_WORK ORDER_
Retype, exactly as they stand, the lines from the start of the data to the line that contains "This is a powerhouse", both ends included. Leave the pictures out.

+++++

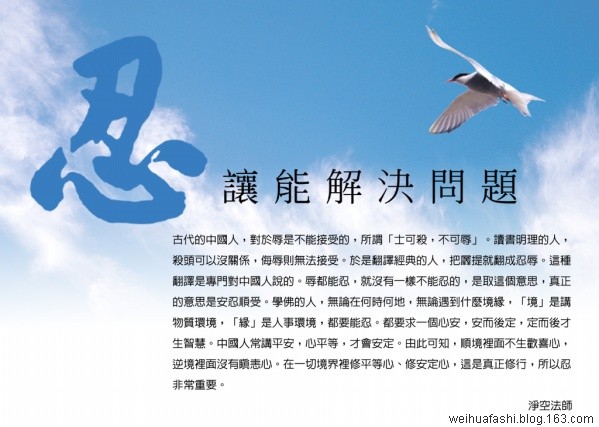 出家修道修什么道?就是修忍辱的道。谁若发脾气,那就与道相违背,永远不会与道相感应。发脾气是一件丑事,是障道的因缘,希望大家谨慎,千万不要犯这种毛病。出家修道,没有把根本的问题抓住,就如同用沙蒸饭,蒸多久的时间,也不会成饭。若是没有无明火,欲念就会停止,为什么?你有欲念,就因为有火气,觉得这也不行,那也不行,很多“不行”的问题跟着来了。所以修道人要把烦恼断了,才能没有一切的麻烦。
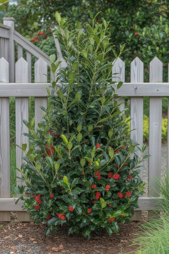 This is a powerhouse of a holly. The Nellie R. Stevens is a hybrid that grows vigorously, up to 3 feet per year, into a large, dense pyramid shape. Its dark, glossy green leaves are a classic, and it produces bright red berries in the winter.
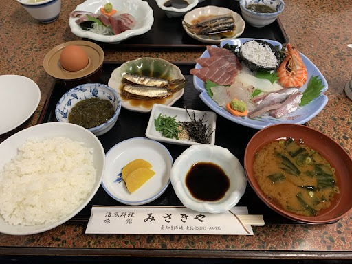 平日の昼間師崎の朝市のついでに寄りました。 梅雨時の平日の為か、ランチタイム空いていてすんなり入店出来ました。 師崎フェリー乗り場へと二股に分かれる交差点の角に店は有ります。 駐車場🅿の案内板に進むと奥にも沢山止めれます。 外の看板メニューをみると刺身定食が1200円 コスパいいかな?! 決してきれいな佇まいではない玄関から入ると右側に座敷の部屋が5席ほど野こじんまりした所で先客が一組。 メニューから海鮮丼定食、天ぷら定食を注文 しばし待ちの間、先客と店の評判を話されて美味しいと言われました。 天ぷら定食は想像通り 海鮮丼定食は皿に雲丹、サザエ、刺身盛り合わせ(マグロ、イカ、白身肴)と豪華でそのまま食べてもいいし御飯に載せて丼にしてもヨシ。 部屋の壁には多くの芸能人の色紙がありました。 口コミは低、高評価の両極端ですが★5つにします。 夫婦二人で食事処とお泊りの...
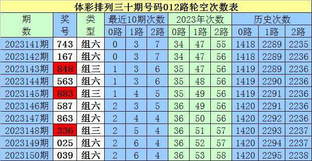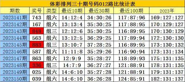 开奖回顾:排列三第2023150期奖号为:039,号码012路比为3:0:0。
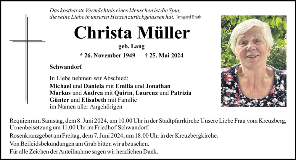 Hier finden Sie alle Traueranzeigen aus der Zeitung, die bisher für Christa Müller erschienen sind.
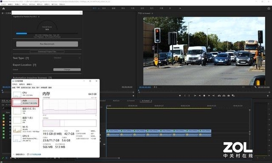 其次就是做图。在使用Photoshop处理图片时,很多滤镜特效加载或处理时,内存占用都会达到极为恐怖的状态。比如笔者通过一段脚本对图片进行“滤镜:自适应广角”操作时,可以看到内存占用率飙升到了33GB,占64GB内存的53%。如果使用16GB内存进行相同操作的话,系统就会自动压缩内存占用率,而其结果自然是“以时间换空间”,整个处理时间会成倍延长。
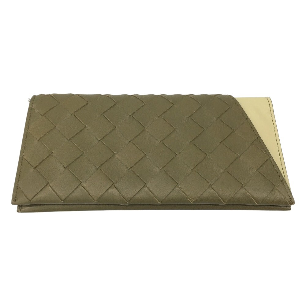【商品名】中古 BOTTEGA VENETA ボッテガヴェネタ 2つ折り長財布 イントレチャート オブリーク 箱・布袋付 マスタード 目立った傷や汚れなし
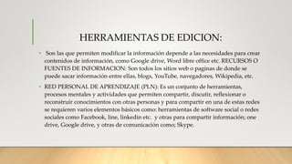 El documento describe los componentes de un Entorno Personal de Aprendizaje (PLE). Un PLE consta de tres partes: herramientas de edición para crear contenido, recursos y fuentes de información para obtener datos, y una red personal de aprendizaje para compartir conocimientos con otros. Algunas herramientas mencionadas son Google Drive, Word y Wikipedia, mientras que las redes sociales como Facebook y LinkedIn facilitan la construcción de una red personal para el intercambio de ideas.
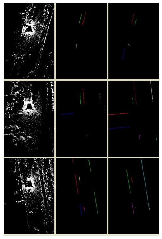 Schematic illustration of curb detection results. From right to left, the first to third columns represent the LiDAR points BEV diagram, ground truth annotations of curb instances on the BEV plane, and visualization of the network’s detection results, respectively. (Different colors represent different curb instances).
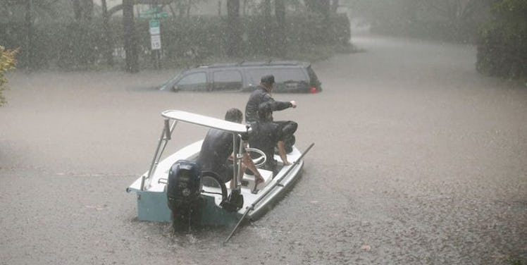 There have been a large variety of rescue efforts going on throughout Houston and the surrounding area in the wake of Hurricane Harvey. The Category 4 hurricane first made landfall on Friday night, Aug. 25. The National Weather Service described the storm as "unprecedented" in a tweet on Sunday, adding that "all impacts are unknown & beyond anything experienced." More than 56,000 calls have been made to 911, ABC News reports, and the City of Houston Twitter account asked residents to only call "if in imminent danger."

+++++

_RESULT_
 出家修道修什么道?就是修忍辱的道。谁若发脾气,那就与道相违背,永远不会与道相感应。发脾气是一件丑事,是障道的因缘,希望大家谨慎,千万不要犯这种毛病。出家修道,没有把根本的问题抓住,就如同用沙蒸饭,蒸多久的时间,也不会成饭。若是没有无明火,欲念就会停止,为什么?你有欲念,就因为有火气,觉得这也不行,那也不行,很多“不行”的问题跟着来了。所以修道人要把烦恼断了,才能没有一切的麻烦。
 This is a powerhouse of a holly. The Nellie R. Stevens is a hybrid that grows vigorously, up to 3 feet per year, into a large, dense pyramid shape. Its dark, glossy green leaves are a classic, and it produces bright red berries in the winter.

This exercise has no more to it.